Excerpts from a dataset:
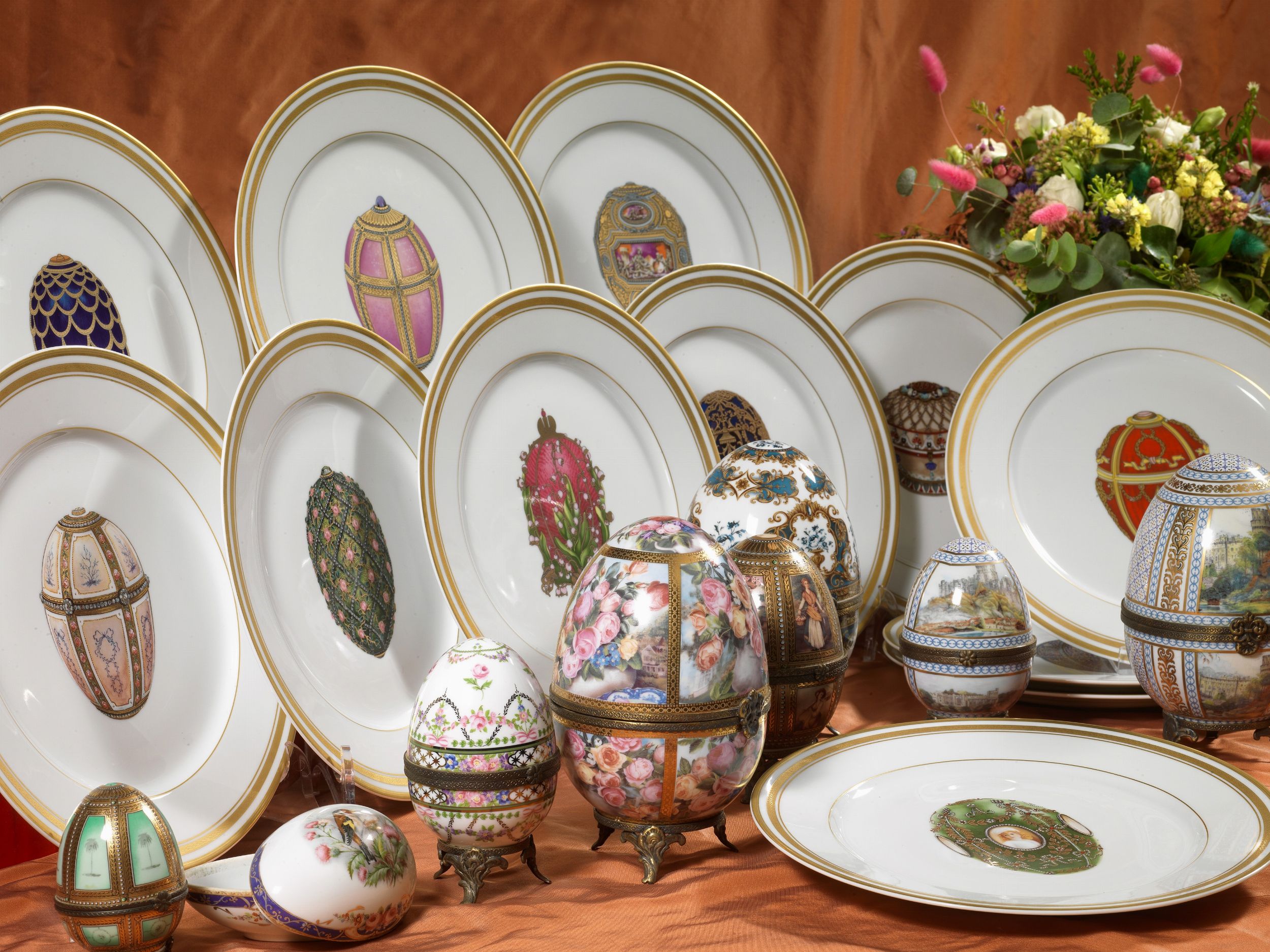 Dodici piatti in porcellana Limoges con uova Fabergé
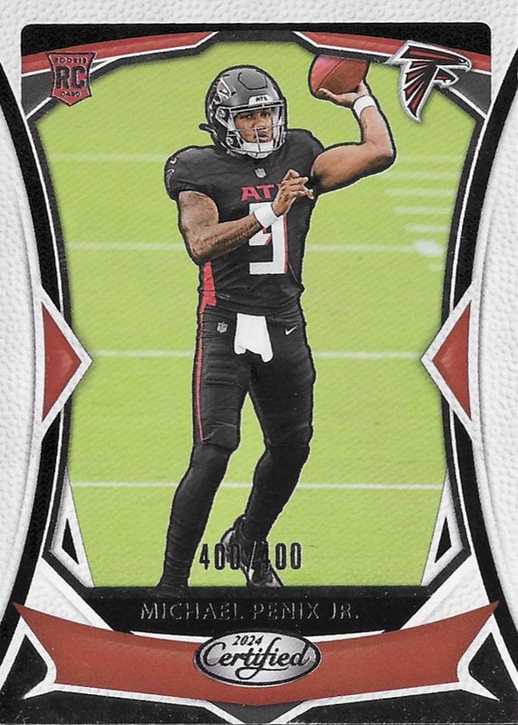 The Michael Penix Jr. 2024 Certified #106 Base Rookie /400 card in Raw condition has moved up $13.70 (+601%) in the last 30 days and was last sold for $15.98 .
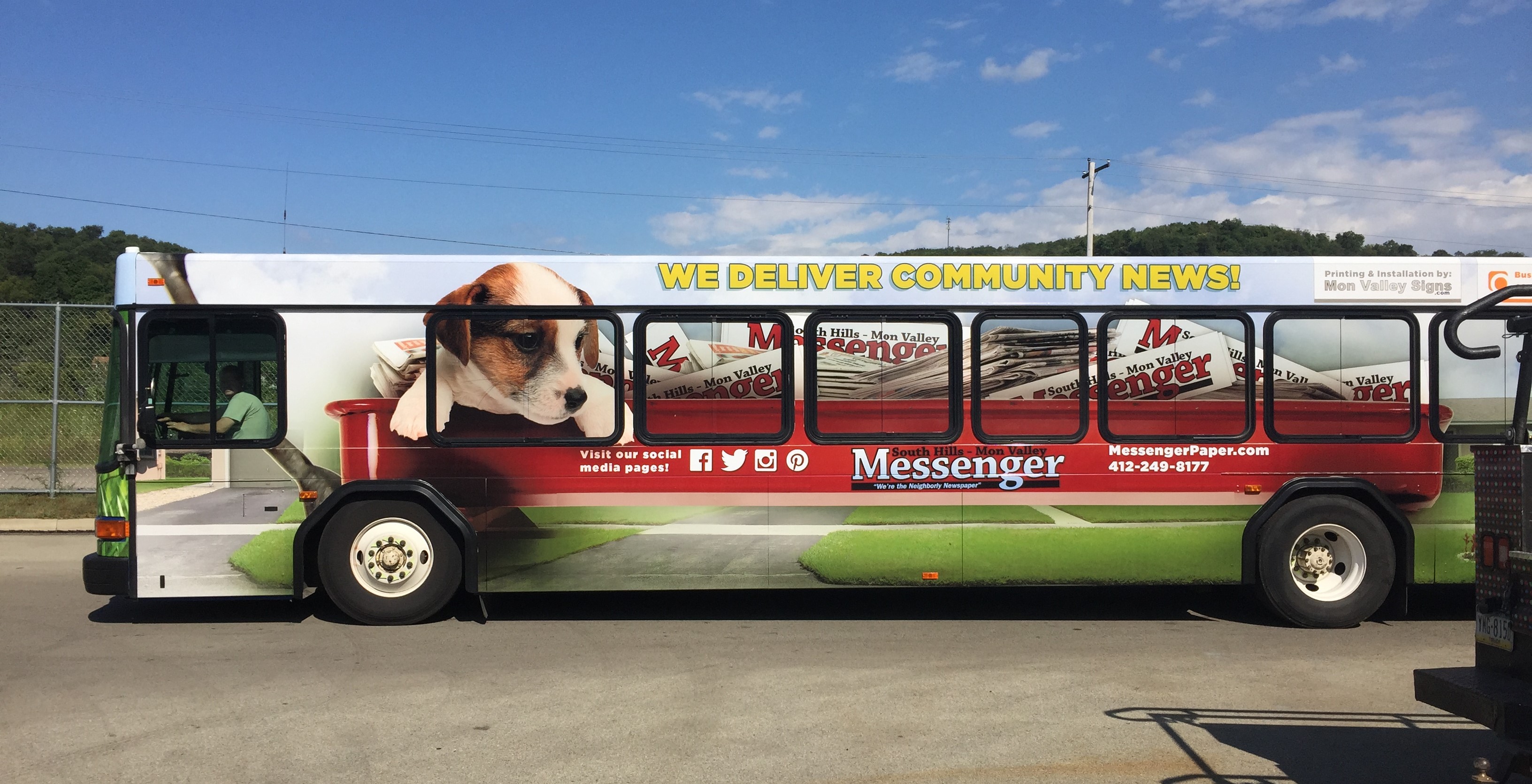 PITTSBURGH , PA , USA , September 30, 2015 /EINPresswire.com/ -- Months of work and a team effort by three South Hills companies has produced perhaps the area’s most unique transportation vehicle. A full size Mid Mon Valley Transit Authority bus has been completely transformed into a 40-foot long lawnmower on one side, and a red wagon on the other. The bus was covered by a full color vinyl wrap advertising the South Hills-Mon Valley Messenger, a community newspaper that services the South Hills of Pittsburgh. The graphics were designed by ocreations and produced by Mon Valley Signs. With a daily route that begins in Donora and travels through the South Hills into downtown Pittsburgh, the bus is seen by thousands in the area every day.After the newspaper changed their name to the South Hills-Mon Valley Messenger last year, they needed to re-establish their identity and chose transit advertising as one of their primary marketing tactics. “We wanted to get people to notice us,” said Doug Haniford, owner and publisher. “It was important for us to continue to position ourselves as a neighborhood newspaper with a hometown feel,” he said. “We felt like the old-fashioned wagon and other images on the bus helps bring that feel to life.”
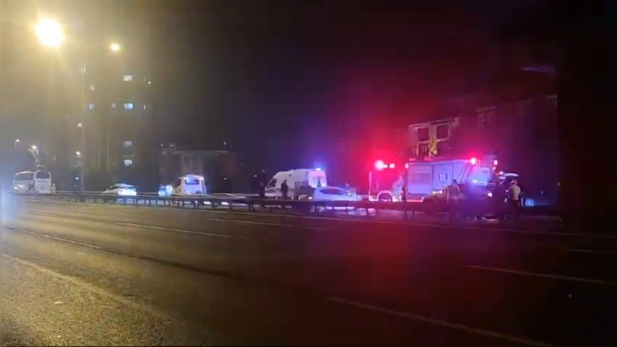 İstanbul'un Ümraniye ilçesi TEM Otoyolu'nda seyreden otomobil, önünde ilerlemekte olan yolcu otobüsüne arkadan çarptı.
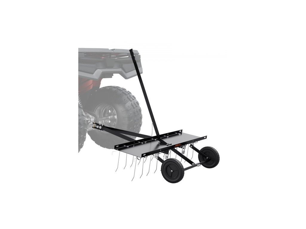 Tažný odstraňovač trávy, 40palcový tažný odstraňovač trávy s 20 pružinovými ocelovými hroty, hrábě na odstraňovač trávy pro čtyřkolku nebo sekačku, tažné hrábě na trávu se zvedací rukojetí pro zahradní a zemědělskou trávu

* [What to do]:
Please write out exactly, and only, the lines from the beginning of the entries through the line containing "The Michael Penix", including both and skipping all pictures.

* [Output of the exercise]:
 Dodici piatti in porcellana Limoges con uova Fabergé
 The Michael Penix Jr. 2024 Certified #106 Base Rookie /400 card in Raw condition has moved up $13.70 (+601%) in the last 30 days and was last sold for $15.98 .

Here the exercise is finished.